Top of Task input
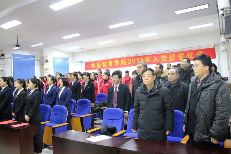 2019年1月10日下午,学前教育学院学术报告厅,党旗鲜艳,气氛庄重,誓言铮铮,入党宣誓仪式在这里隆重举行。
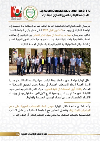 %u0646%u0634%u0631%u0629 %u0627%u062a%u062d%u0627%u062f %u0627%u0644%u062c%u0627%u0645%u0639%u0627%u062a %u0627%u0644%u0639%u0631%u0628%u064a%u0629 35%u0632%u064a%u0627%u0631%u0629 %u0627%u0644%u0623%u0645%u064a%u0646 %u0627%u0644%u0639%u0627%u0645 %u0644%u0627%u062a%u062d%u0627%u062f %u0627%u0644%u062c%u0627%u0645%u0639%u0627%u062a %u0627%u0644%u0639%u0631%u0628%u064a%u0629 %u0625%u0644%u0649 %u0627%u0644%u062c%u0627%u0645%u0639%u0629 %u0627%u0644%u0644%u0628%u0646%u0627%u0646%u064a%u0629 %u0644%u062a%u0639%u0632%u064a%u0632 %u0627%u0644%u062a%u0639%u0627%u0648%u0646 %u0627%u0644%u0645%u0634%u062a%u0631%u0643%u0642%u0627%u0645 %u0645%u0639%u0627%u0644%u064a %u0627%u0644%u0623%u0645%u064a%u0646 %u0627%u0644%u0639%u0627%u0645 %u0644%u0627%u062a%u062d%u0627%u062f %u0627%u0644%u062c%u0627%u0645%u0639%u0627%u062a %u0627%u0644%u0639%u0631%u0628%u064a%u0629 %u0627%u0644%u062f%u0643%u062a%u0648%u0631 %u0639%u0645%u0631 %u0639%u0632%u062a %u0633%u0644%u0627%u0645%u0629 %u0628%u0632%u064a%u0627%u0631%u0629 %u0631%u0633%u0645%u064a%u0629 %u0625%u0644%u0649 %u0627%u0644%u062c%u0627%u0645%u0639%u0629 %u0627%u0644%u0644%u0628%u0646%u0627%u0646%u064a%u0629%u060c %u0641%u064a %u0628%u064a%u0631%u0648%u062a %u2013 3 %u062a%u0634%u0631%u064a%u0646 %u0627%u0644%u0623%u0648%u0644 2025 %u0627%u0644%u062a%u0642%u0649 %u062e%u0644%u0627%u0644%u0647%u0627 %u0631%u0626%u064a%u0633 %u0627%u0644%u062c%u0627%u0645%u0639%u0629 %u0627%u0644%u0623%u0633%u062a%u0627%u0630 %u0627%u0644%u062f%u0643%u062a%u0648%u0631 %u0628%u0633%u0627%u0645 %u0628%u062f%u0631%u0627%u0646%u060c %u062d%u064a%u062b %u062c%u0631%u0649 %u0627%u0644%u0628%u062d%u062b %u0641%u064a %u0633%u0628%u0644 %u062a%u0639%u0632%u064a%u0632 %u0627%u0644%u062a%u0639%u0627%u0648%u0646 %u0628%u064a%u0646 %u0627%u0644%u062c%u0627%u0646%u0628%u064a%u0646 %u0641%u064a %u0645%u062e%u062a%u0644%u0641 %u0651%u0645%u0627 %u0639%u0628%u0631 %u062c%u0645%u0639%u064a%u0629 %u0643%u0644%u064a%u0627%u062a %u0627%u0644%u0641%u0646%u0648%u0646 %u0627%u0644%u0639%u0631%u0628%u064a%u0629 %u0627%u0644%u0639%u0636%u0648 %u0627%u0644%u0645%u062c%u0627%u0644%u0627%u062a %u0627%u0644%u0623%u0643%u0627%u062f%u064a%u0645%u064a%u0629 %u0648%u0627%u0644%u0639%u0644%u0645%u064a%u0629 %u0648%u0627%u0644%u062b%u0642%u0627%u0641%u064a%u0629%u060c %u0648%u0644%u0627 %u0633%u064a%u0641%u064a %u0627%u0644%u0627%u062a%u062d%u0627%u062f %u0648%u0627%u0644%u062a%u064a %u062a%u0633%u062a%u0636%u064a%u0641%u0647%u0627 %u0643%u0644%u064a%u0629 %u0627%u0644%u0641%u0646%u0648%u0646 %u0627%u0644%u062c%u0645%u064a%u0644%u0629 %u0648%u0627%u0644%u0639%u0645%u0627%u0631%u0629 %u0641%u064a %u0627%u0644%u062c%u0627%u0645%u0639%u0629 %u0627%u0644%u0644%u0628%u0646%u0627%u0646%u064a%u0629.%u062a%u062e%u0644%u0644 %u0627%u0644%u0632%u064a%u0627%u0631%u0629 %u062c%u0648%u0644%u0647 %u0627%u0644%u062f%u0643%u062a%u0648%u0631 %u0633%u0644%u0627%u0645%u0629%u060c %u0628%u0631%u0641%u0642%u0629 %u0627%u0644%u0631%u0626%u064a%u0633 %u0628%u062f%u0631%u0627%u0646 %u0648%u0627%u0644%u0633%u064a%u062f%u0629 %u0644%u064a%u0646%u0627 %u0627%u0644%u0628%u064a%u0637%u0627%u0631 %u0645%u062f%u064a%u0631%u0629 %u0627%u0644%u0625%u062f%u0627%u0631%u0629 %u0627%u0644%u0639%u0627%u0645%u0629 %u0644%u0627%u062a%u062d%u0627%u062f %u0627%u0644%u062c%u0627%u0645%u0639%u0627%u062a %u0627%u0644%u0639%u0631%u0628%u064a%u0629%u060c %u0641%u064a %u0645%u062f%u064a%u0646%u0629 %u0631%u0641%u064a%u0642 %u0627%u0644%u062d%u0631%u064a%u0631%u064a %u0627%u0644%u062c%u0627%u0645%u0639%u064a%u0629 %u2013 %u0627%u0644%u062d%u062f%u062b%u060c %u0648%u0643%u0627%u0646%u062a %u0623%u0648%u0644%u0649 %u0627%u0644%u0645%u062d%u0637%u0627%u062a %u0641%u064a %u0643%u0644%u064a%u0629 %u0627%u0644%u0641%u0646%u0648%u0646 %u060c %u062d%u064a%u062b %u0627%u0644%u062a%u0642%u0649 %u0627%u0644%u0637%u0644%u0627%u0628 %u0628%u062d%u0636%u0648%u0631 %u0639%u0645%u064a%u062f %u0627%u0644%u0643%u0644%u064a%u0629 %u0627%u0644%u062f%u0643%u062a%u0648%u0631 %u0647%u0634%u0627%u0645 %u0632%u064a%u0646 %u0627%u0644%u062f%u064a%u0646 %u0648%u0645%u062f%u064a%u0631%u0629 %u0627%u0644%u0641%u0631%u0639 %u0627%u0644%u0623%u0648%u0644 %u0627%u0644%u0645%u0647%u0646%u062f%u0633%u0629 %u0646%u0648%u0627%u0644 %u0628%u0648%u062f%u0627%u0646%u064a %u0648%u0631%u0624%u0633%u0627%u0621 %u0627%u0644%u0623%u0642%u0633%u0627%u0645 %u0627%u0644%u0623%u0643%u0627%u062f%u064a%u0645%u064a%u0629 %u0648%u0639%u062f%u062f %u0645%u0646 %u0623%u0639%u0636%u0627%u0621 %u0627%u0644%u0647%u064a%u0626%u062a%u064a%u0646 %u0627%u0644%u062a%u0639%u0644%u064a%u0645%u064a%u0629 %u0648%u0627%u0644%u0625%u062f%u0627%u0631%u064a%u0629.%u0648%u0623%u0643%u062f %u0627%u0644%u062f%u0643%u062a%u0648%u0631 %u0633%u0644%u0627%u0645%u0629 %u062e%u0644%u0627%u0644 %u0627%u0644%u0632%u064a%u0627%u0631%u0629 %u062d%u0631%u0635 %u0627%u062a%u062d%u0627%u062f %u0627%u0644%u062c%u0627%u0645%u0639%u0627%u062a %u0627%u0644%u0639%u0631%u0628%u064a%u0629 %u0639%u0644%u0649 %u062f%u0639%u0645 %u0627%u0644%u0645%u0628%u0627%u062f%u0631%u0627%u062a %u0627%u0644%u0645%u0634%u062a%u0631%u0643%u0629%u060c %u0648%u062a%u0641%u0639%u064a%u0644 %u0627%u0644%u062a%u0639%u0627%u0648%u0646 %u0645%u0639 %u0627%u0644%u062c%u0627%u0645%u0639%u0629 %u0627%u0644%u0644%u0628%u0646%u0627%u0646%u064a%u0629 %u0645%u0646 %u062e%u0644%u0627%u0644 %u0627%u0644%u0643%u0644%u064a%u0627%u062a %u0627%u0644%u0645%u062a%u062e%u0635%u0635%u0629 %u0648%u0627%u0644%u0645%u0631%u0627%u0643%u0632 %u0627%u0644%u0628%u062d%u062b%u064a%u0629%u060c %u0628%u0645%u0627 %u064a%u062e%u062f%u0645 %u062a%u0637%u0648%u064a%u0631 %u0627%u0644%u062a%u0639%u0644%u064a%u0645 %u0627%u0644%u0639%u0627%u0644%u064a %u0641%u064a %u0627%u0644%u0648%u0637%u0646 %u0627%u0644%u0639%u0631%u0628%u064a.
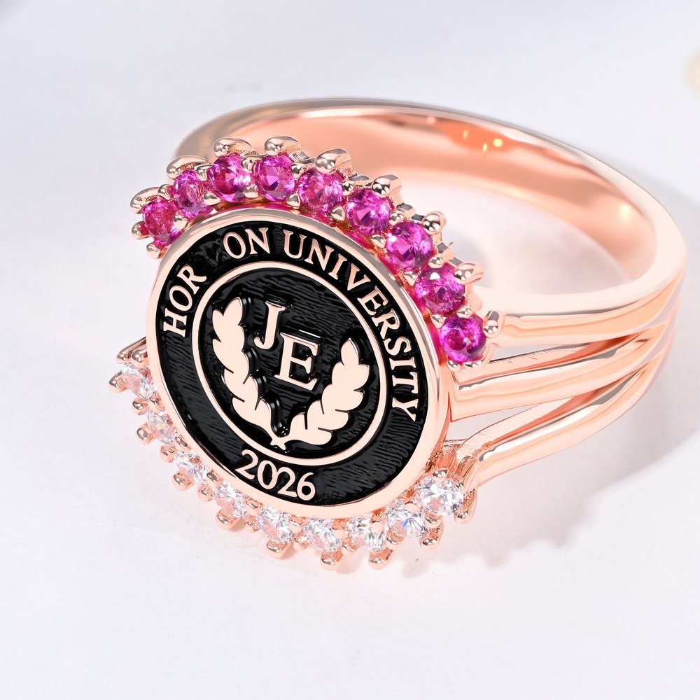 This graduation ring features customizable birthstones and fixed white diamonds set in a single line, enhancing its elegance and charm. The top allows for a Personalised touch that represents your birthday month, while the centre can be customized with text, initials, and the graduation year using a precise casting technique. This combination symbolizes your achievements, pride, and memories from your school journey.
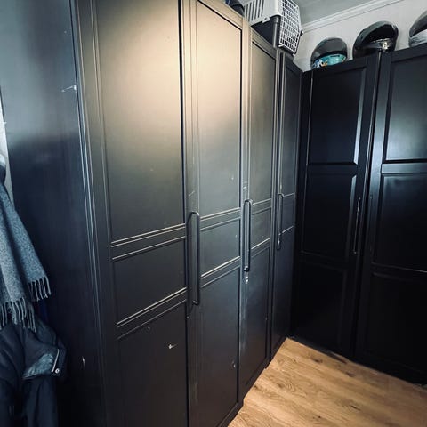 Kaksi 75x35x236 kokoista ikea pax vaatekomeroa ja niihin lasiliukuovet.
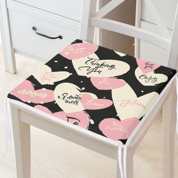 Sevgililer Günü Temalı Özel Tasarım Dijital Baskılı Modern Fermuarlı Sandalye Minderi
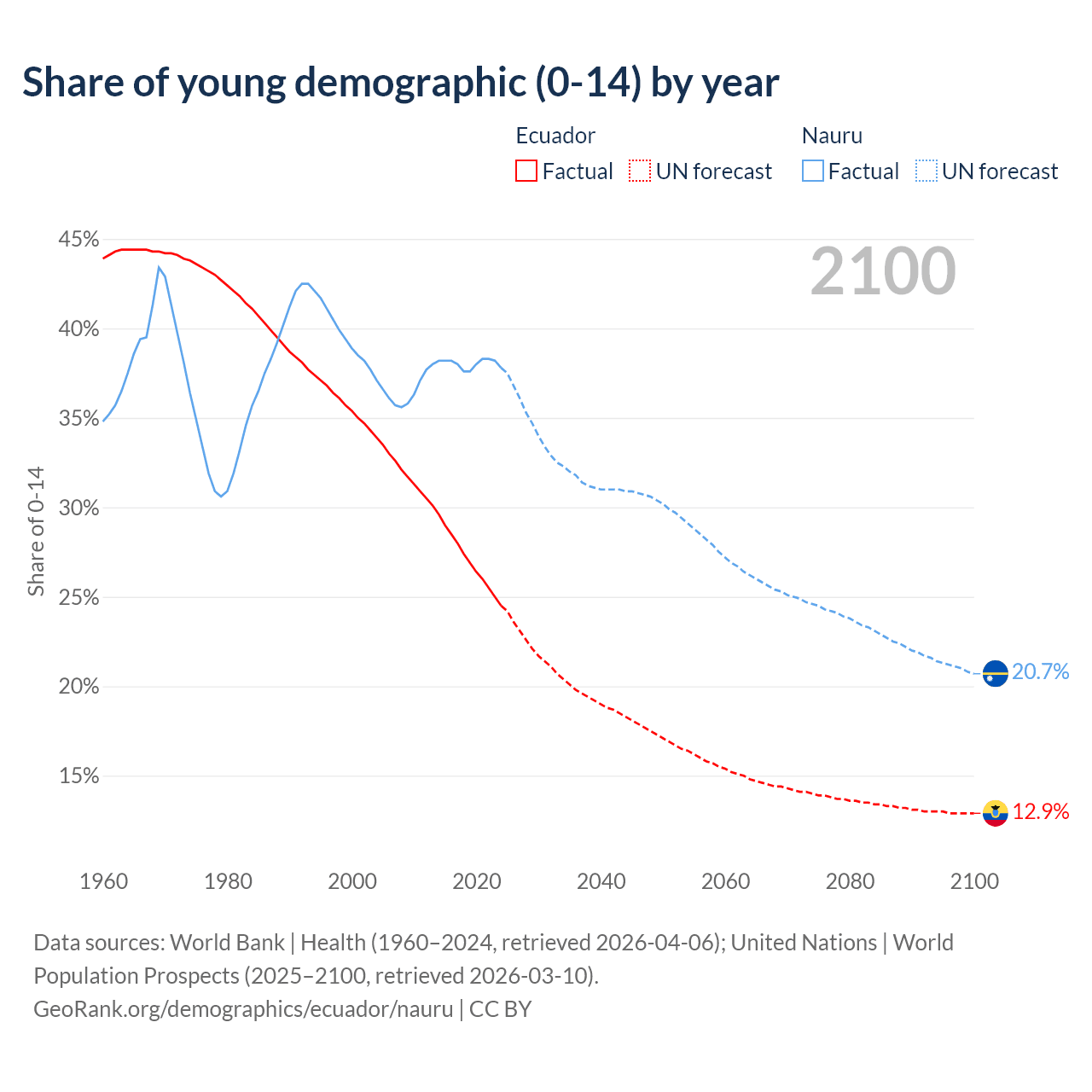 - The share of young demographic (0-15 years old) in Ecuador is 24.5% vs 37.8% in Nauru.
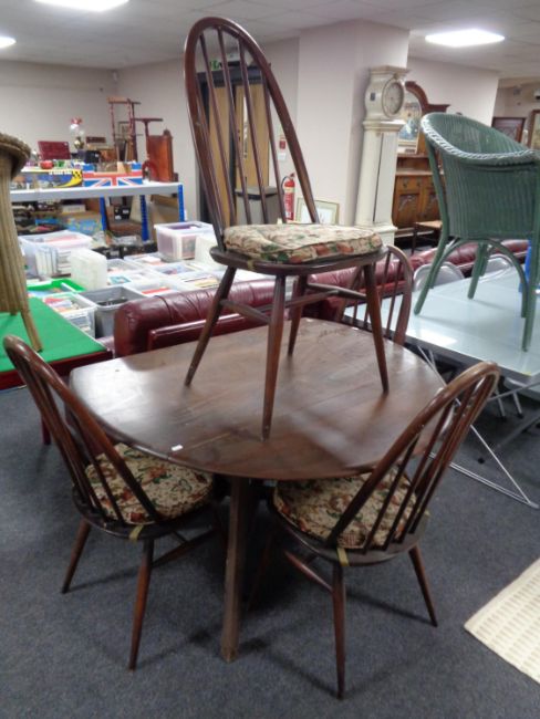 An Ercol stained elm drop leaf dining table and a set of four high back spindle dining chairs
Bottom of Task input
How to complete this task ▸ Pictures excluded, return exactly the lines from the one with "Sevgililer Günü Temalı" through the final line of the entries above, both included.

Task result ▸
 Sevgililer Günü Temalı Özel Tasarım Dijital Baskılı Modern Fermuarlı Sandalye Minderi
 - The share of young demographic (0-15 years old) in Ecuador is 24.5% vs 37.8% in Nauru.
 An Ercol stained elm drop leaf dining table and a set of four high back spindle dining chairs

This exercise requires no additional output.